# Patriotic Pomps and whiting at myrtle beach



## catchneat (May 13, 2013)

At the fiancés family's vacation house this week in myrtle beach this week. I scouted the beach yesterday and found a nice looking runout. Arrived at sunrise with some fleas I brought with me from Florida but there was no need fleas are thick, kept some nice whiting and one pomp, caught 2 more pomps but they were only about 10 inches or so. I can't find any reg on pomps I read they are wrapped up with whiting. She got the biggest whiting of corse


----------



## arich_5 (Jul 1, 2011)

No size limit on Pomps in SC. Its good to let the small ones go to reproduce though.
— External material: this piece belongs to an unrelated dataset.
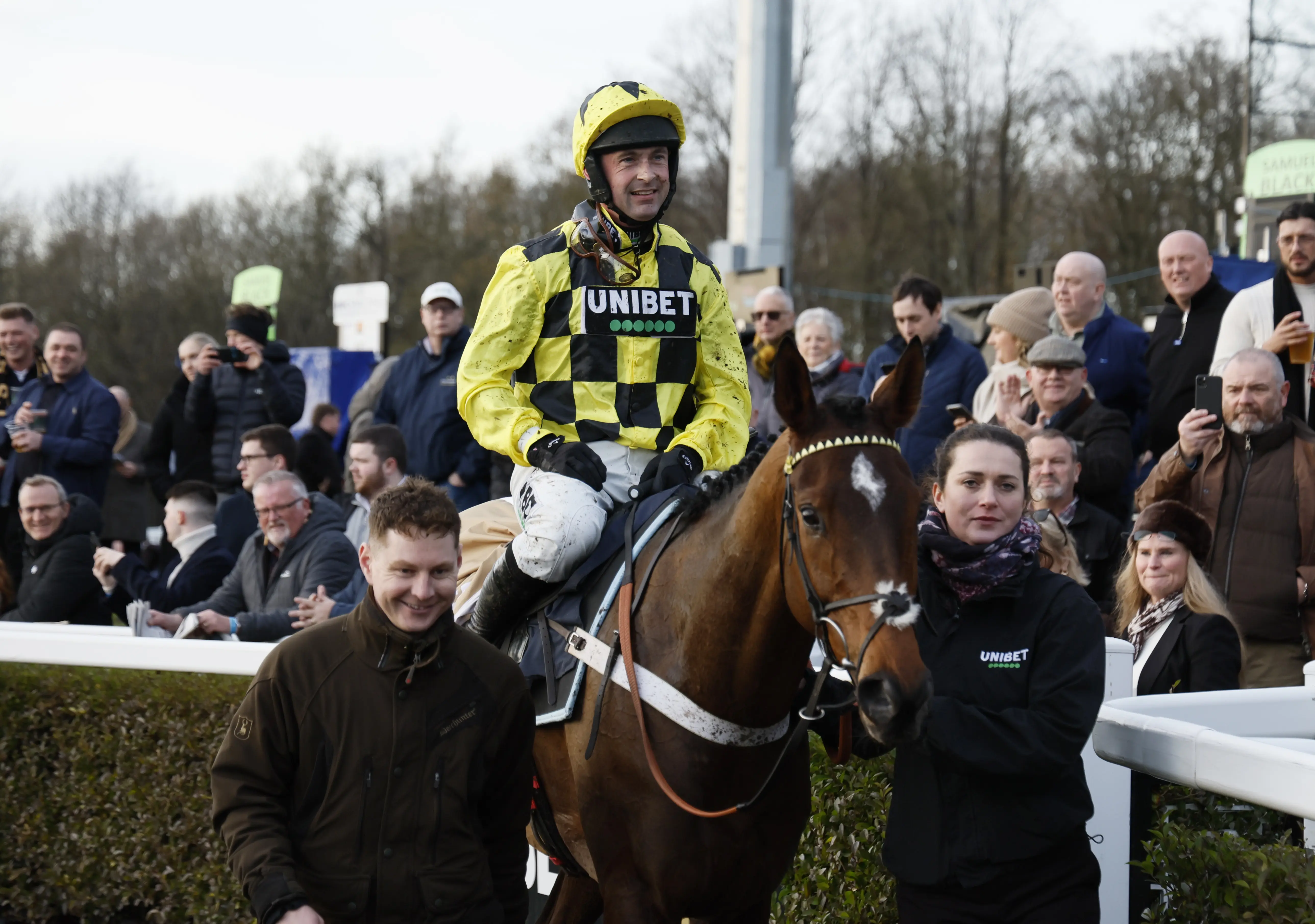 The previously unbeaten six-year-old was pulled up sharply by Nico de Boinville in the Unibet Hurdle and while the silenced crowd initially feared the worst, he was able to walk into the horse ambulance before being transported to Three Counties Equine Hospital.

Nice fish you got there.


----------



## surfmom (Nov 3, 2012)

nice!


----------



## beady (Oct 25, 2008)

Nice fishys........


----------



## catchneat (May 13, 2013)

BTW thanks surfmom!


----------



## surfmom (Nov 3, 2012)

thank you! except I think when you left the fish got sad because I couldnt get a bite this am for nothing!


----------



## catchneat (May 13, 2013)

Sorry to hear that we were sad to leave too, Hope that rig works for you, I will send you pics of my rig board soon


----------



## surfmom (Nov 3, 2012)

catchneat said:


> Sorry to hear that we were sad to leave too, Hope that rig works for you, I will send you pics of my rig board soon


looking forward to it!


----------



## RuddeDogg (Mar 20, 2004)

Nice haul. Congrats.


----------



## BigRig (Aug 14, 2012)

Wher we're you fishing excatly????


----------